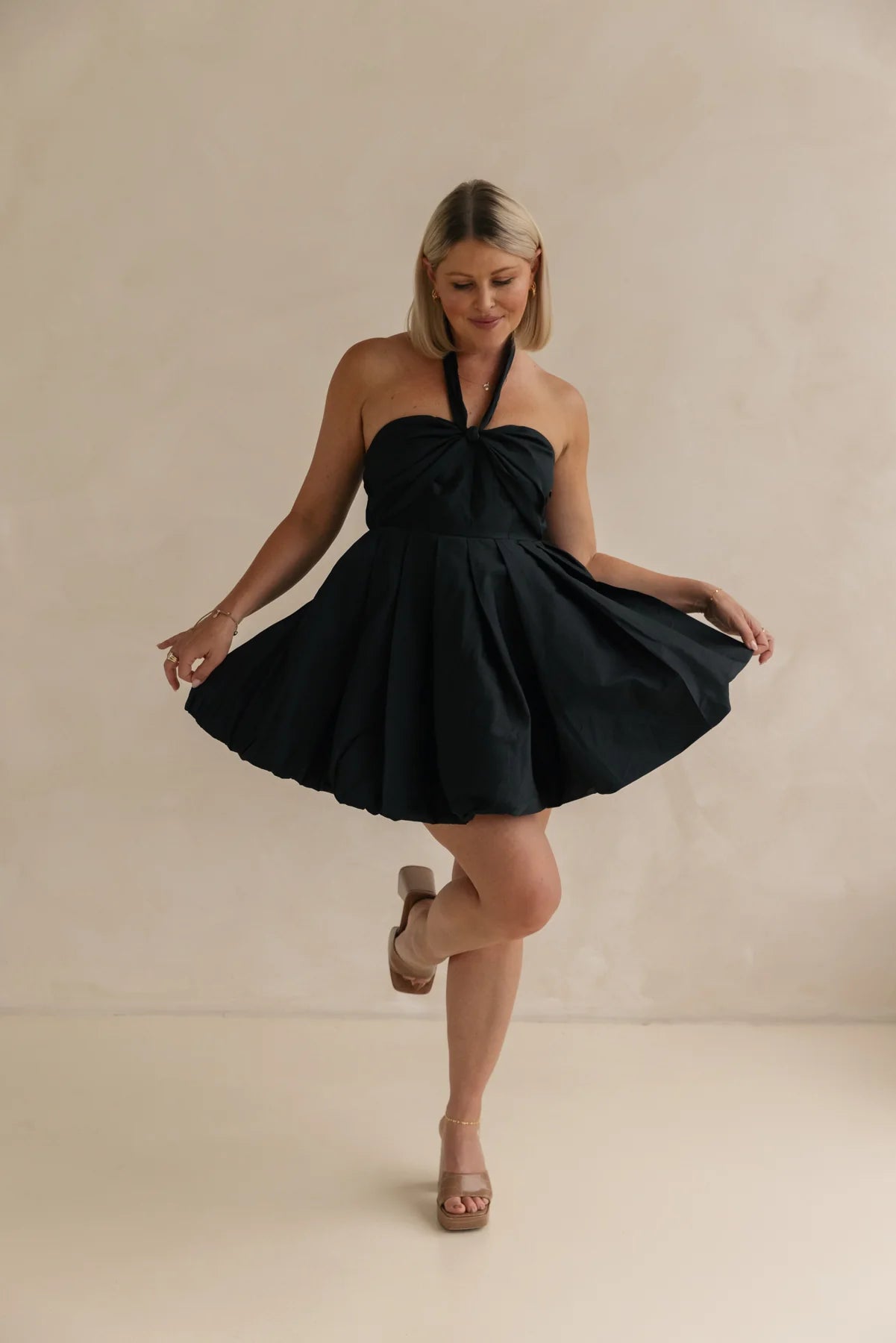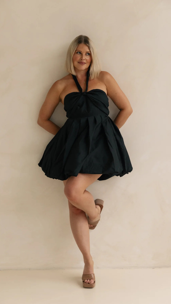 Get ready to turn heads in our adorable Anya Mini Dress in Noir! This cute bubble frock features a playful front bow that can be styled either as a chic neck tie or a charming bow for a whimsical touch. Crafted from lightweight taffeta fabric, the Anya Mini is perfect for warm days and fun outings.
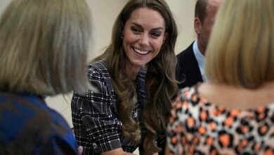 Camilla was photographed wearing a vibrant sapphire blue dress, a matching coat by Fiona Clare and hat by Philip Treacy and a sapphire and diamond brooch. Kate was seen in an Emilia Wickstead dress, a hat by Jane Taylor and a feather brooch.
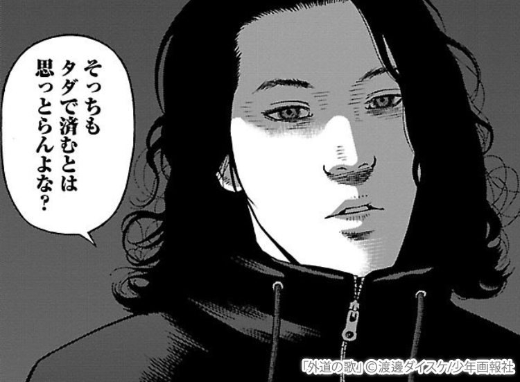渡邊ダイスケ先生によるクライム・バイオレンス漫画です。少年画報社『ヤングキング』2014年10号から2016年7号まで連載された『善悪の屑』の第2部として『外道の歌』にタイトルを変更し、同誌2016年8号から引き続き連載されています。劇中に登場する事件は話題になっており、今回は本作の魅力と登場人物を中心にご紹介します。

**ASSIGNED TASK:** Every line above should be duplicated exactly; the pictures are to be left out.

**ANSWER BOX:**
 Get ready to turn heads in our adorable Anya Mini Dress in Noir! This cute bubble frock features a playful front bow that can be styled either as a chic neck tie or a charming bow for a whimsical touch. Crafted from lightweight taffeta fabric, the Anya Mini is perfect for warm days and fun outings.
 Camilla was photographed wearing a vibrant sapphire blue dress, a matching coat by Fiona Clare and hat by Philip Treacy and a sapphire and diamond brooch. Kate was seen in an Emilia Wickstead dress, a hat by Jane Taylor and a feather brooch.
渡邊ダイスケ先生によるクライム・バイオレンス漫画です。少年画報社『ヤングキング』2014年10号から2016年7号まで連載された『善悪の屑』の第2部として『外道の歌』にタイトルを変更し、同誌2016年8号から引き続き連載されています。劇中に登場する事件は話題になっており、今回は本作の魅力と登場人物を中心にご紹介します。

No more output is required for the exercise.